Mechanism of Action: Cyclin dependent kinase (CDK) 4/6 inhibition
Discovery: LEE011 (ribociclib) was developed by Novartis Institutes for BioMedical Research (NIBR) under a research collaboration with Astex announced in December 2005.
How this therapy can help
LEE011 is a selective CDK inhibitor, a new class of drugs that help slow the progression of cancer by inhibiting two proteins called CDK 4 and 6 (CDK4/6). These proteins, when over-activated in a cell, can enable cancer cells to grow and divide too quickly.
LEE011 is currently being evaluated by Novartis in combination with endocrine agents as part of the MONALEESA (Mammary ONcology Assessment of LEE011’s Efficacy and SAfety) clinical trial program.
MONALEESA-2 is a Phase 3 randomized, double blind, placebo controlled, multicenter global registration trial to evaluate the safety and efficacy of LEE011 in combination with letrozole compared to letrozole alone in postmenopausal women with HR+/HER2- advanced breast cancer who received no prior therapy for their advanced breast cancer. MONALEESA-2 met the primary endpoint of clinically meaningful improvement in PFS at the pre-planned interim analysis and is continuing to assess overall survival data.

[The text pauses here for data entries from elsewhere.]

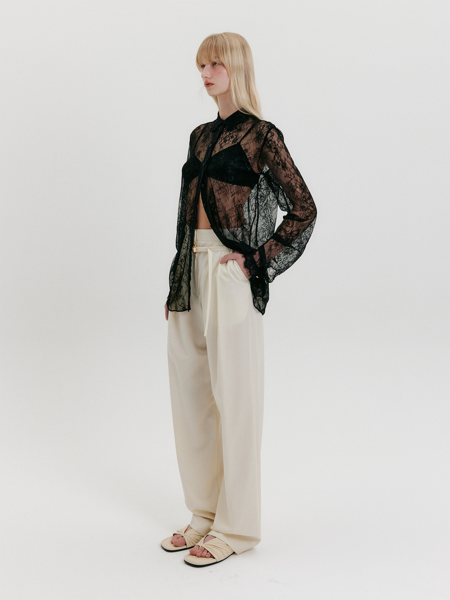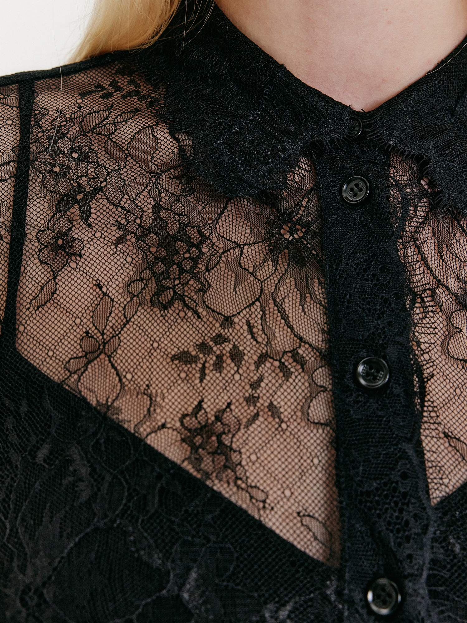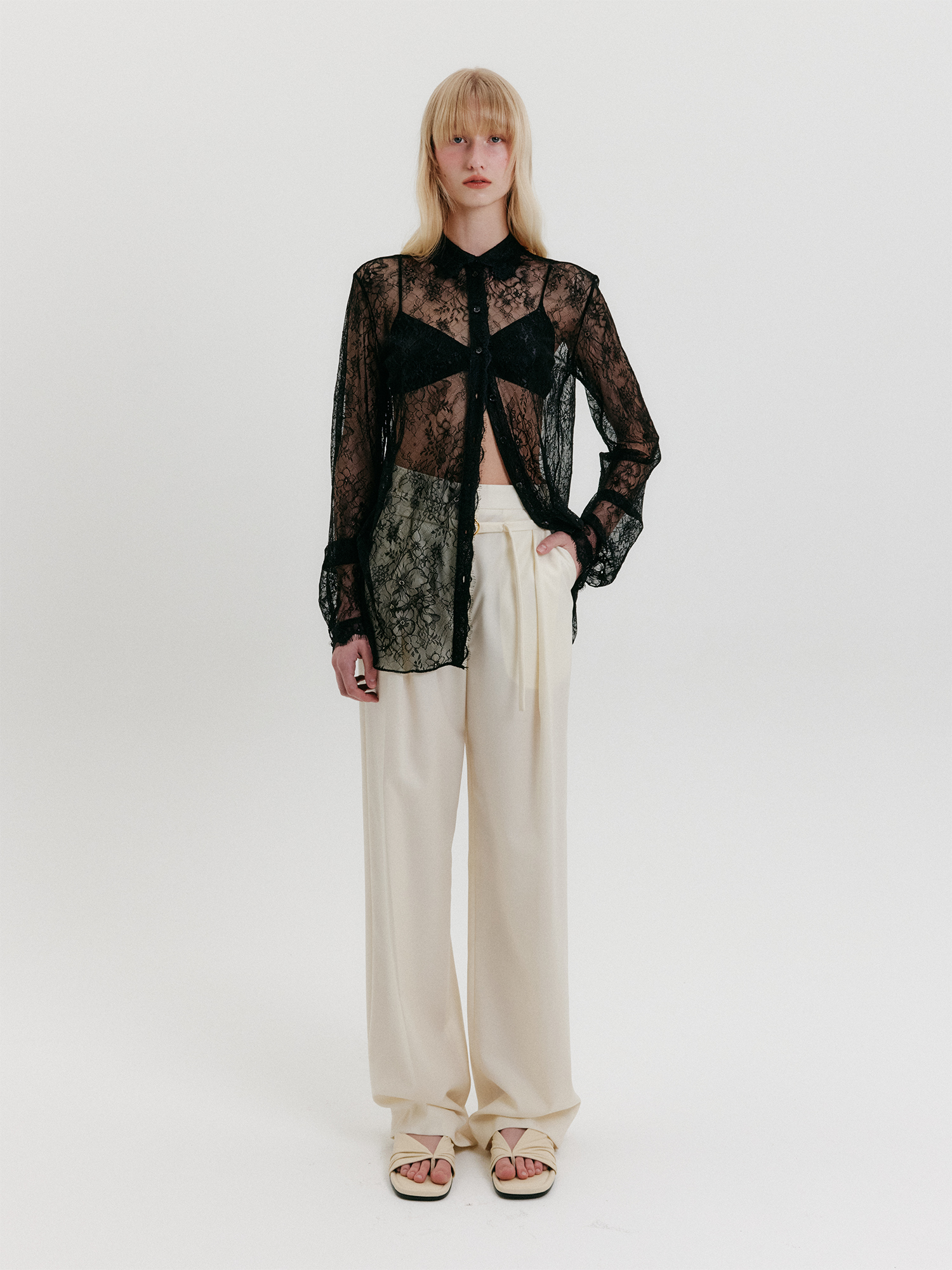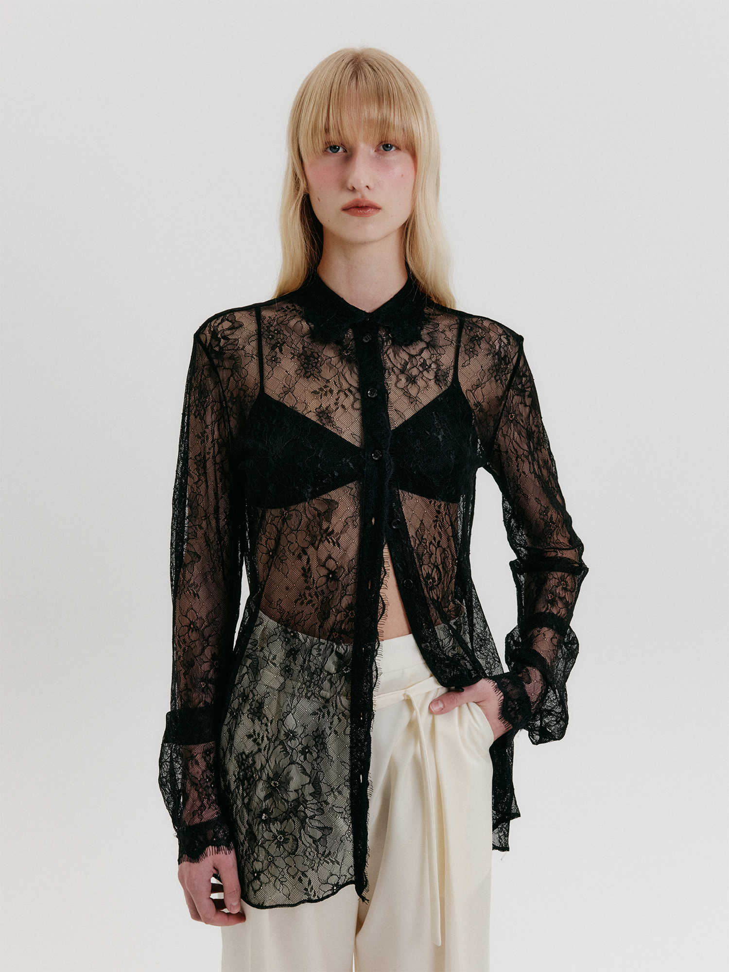 - 카라,커프스,플라켓 부분 레이스 트리밍 디테일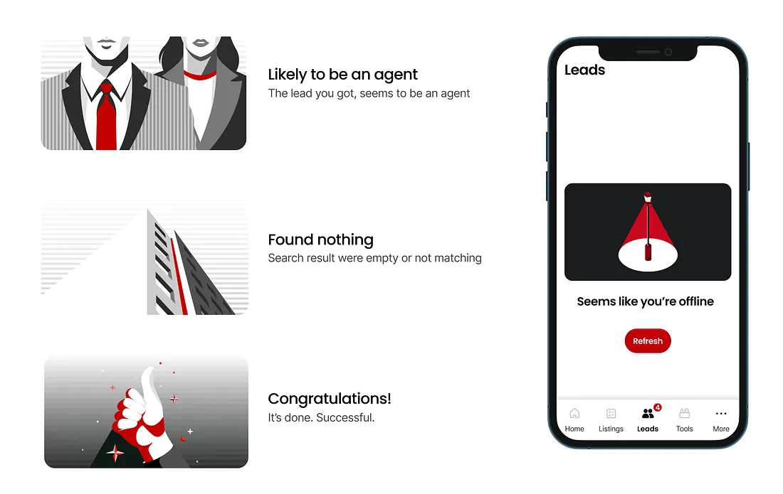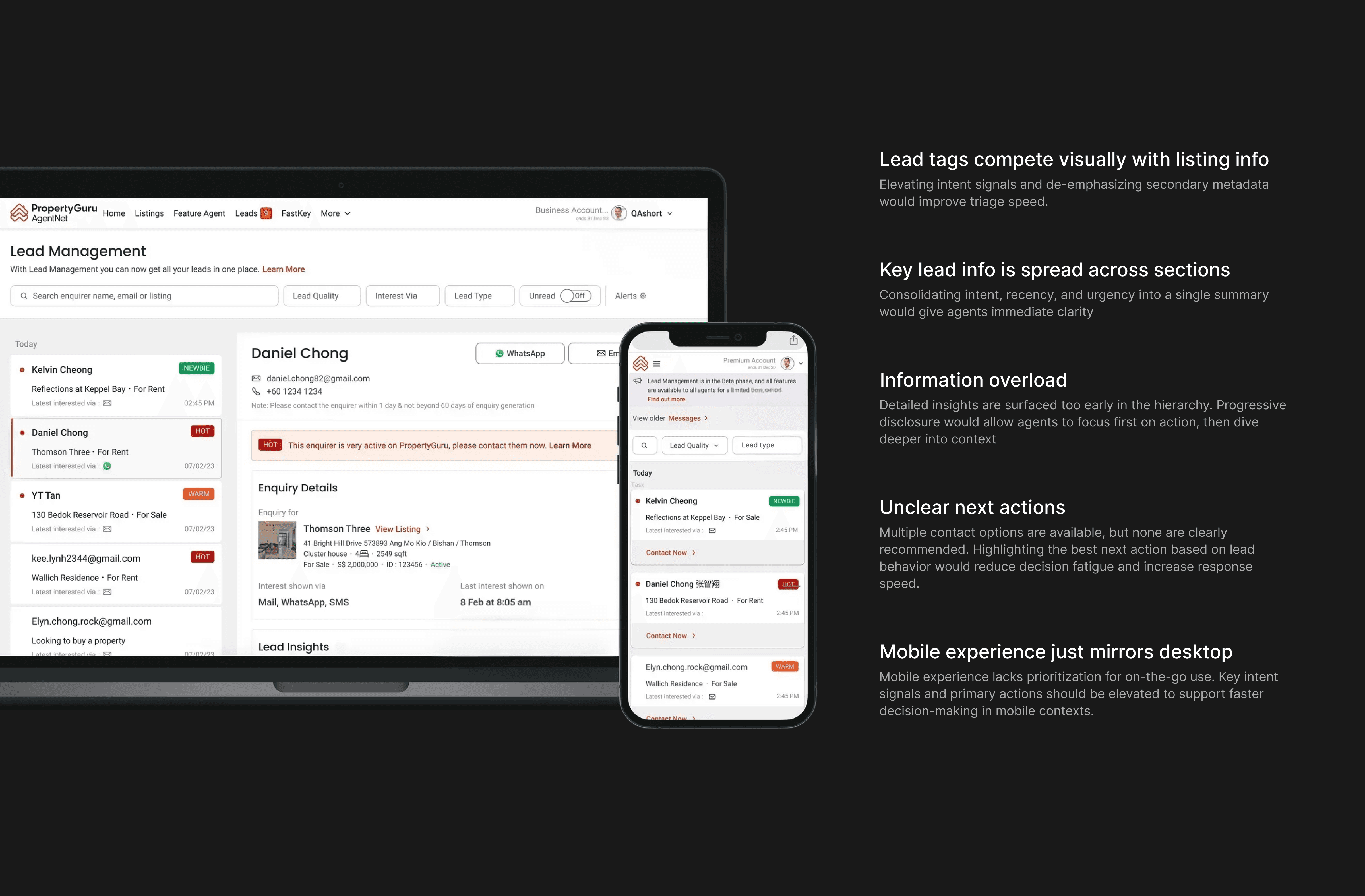 Through agent interviews, we heard recurring frustrations. This wasn’t just about volume. It was about clarity, confidence, and speed. Agents needed to focus on the right people with the right context. To complement this, I led a heuristics review of existing lead flows. It confirmed overloaded navigation, buried key actions, and poor visual hierarchy. This provided a baseline for alignment with Product and Engineering, ensuring we tackled root issues rather than surface fixes.
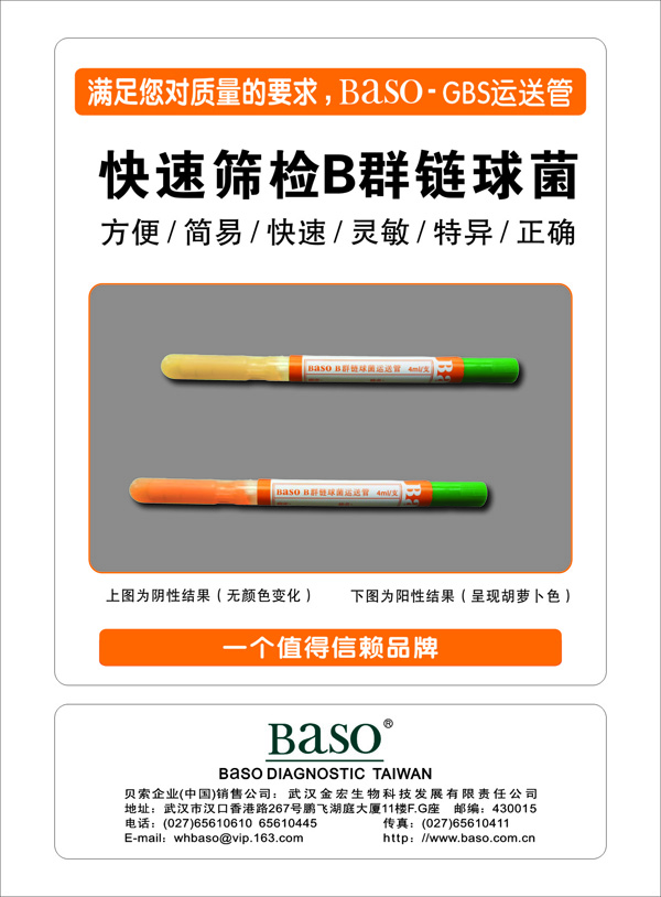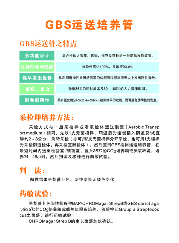 在運(yùn)送培養(yǎng)管內(nèi)含有各種GBS增菌營養(yǎng)成分,選擇性培養(yǎng)基具有促進(jìn)GBS生長繁殖,同時添加了多組抑菌劑和顯色劑,能夠抑制分泌物中其他雜菌的生長和GBS菌顯色。當(dāng)GBS生長繁殖時培養(yǎng)基呈胡蘿卜色反應(yīng),陰性不變色。

MONALEESA-3 is a trial evaluating LEE011 in combination with fulvestrant compared to fulvestrant alone in men and post-menopausal women with HR+/HER2- advanced breast cancer who have received no or a maximum of one prior endocrine therapy. MONALEESA-3 is fully enrolled.
MONALEESA-7 is a trial investigating LEE011 in combination with endocrine therapy and goserelin compared to endocrine therapy and goserelin alone in pre-menopausal women with HR+/HER2- advanced breast cancer who have not previously received endocrine therapy. MONALEESA-7 is fully enrolled and is the only Phase 3 study that focuses solely on pre- and peri-menopausal women with advanced breast cancer.
LEE011 received Breakthrough Therapy designation from the FDA in August 2016 and was granted Priority Review of the IND filing by the FDA in November 2016. LEE011 is not approved for any indication in any market at this time.